### SUPPLIED DATA

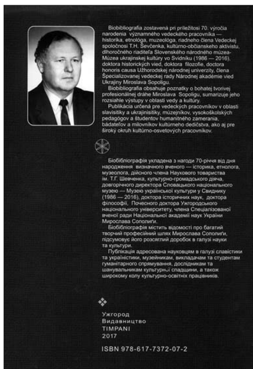
Зворотній бік книги

театвознавства, фольклористики та етнології ім. М. Т. Рильського НАН України у Києві. Це стало вагомим поступом у визнанні наукових досягнень вченого у Словаччині, Україні та Європі.
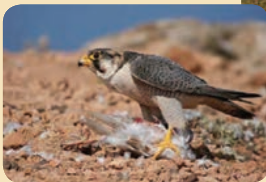
شکل ۲۷-۱- شاهین نماد محیط زیست استان قم
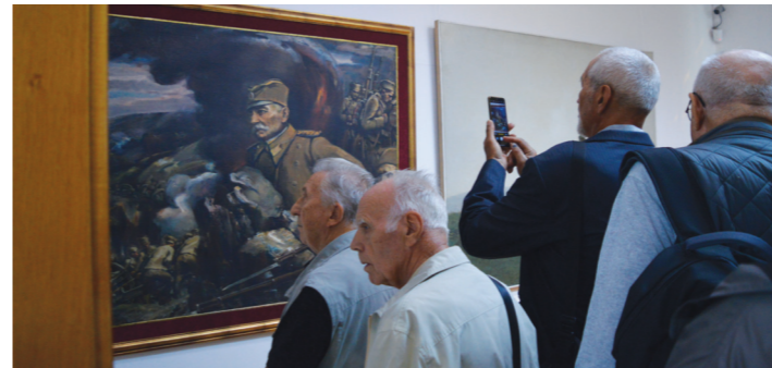
Вредни експонати привукли су пажњу учесника похода
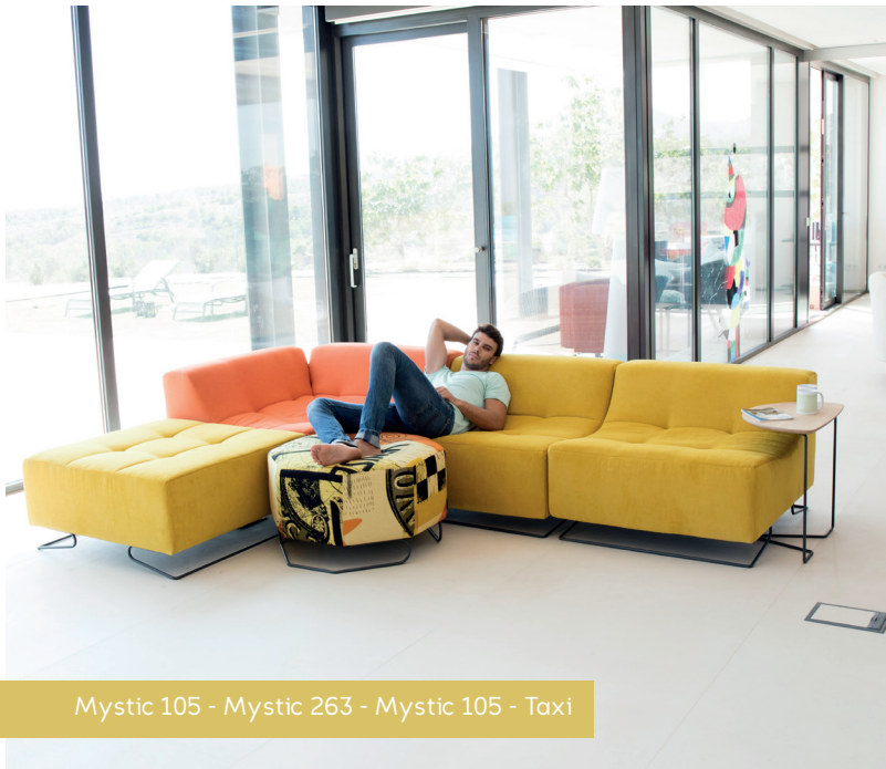
Mystic 105 - Mystic 263 - Mystic 105 - Taxi

### ABOUT THIS TASK
Begin the copy at the line containing "Вредни експонати привукли" and end it at the last line of the records; transcribe exactly and exclude pictures.

### SOLUTION FOR THIS EXERCISE
Вредни експонати привукли су пажњу учесника похода
Mystic 105 - Mystic 263 - Mystic 105 - Taxi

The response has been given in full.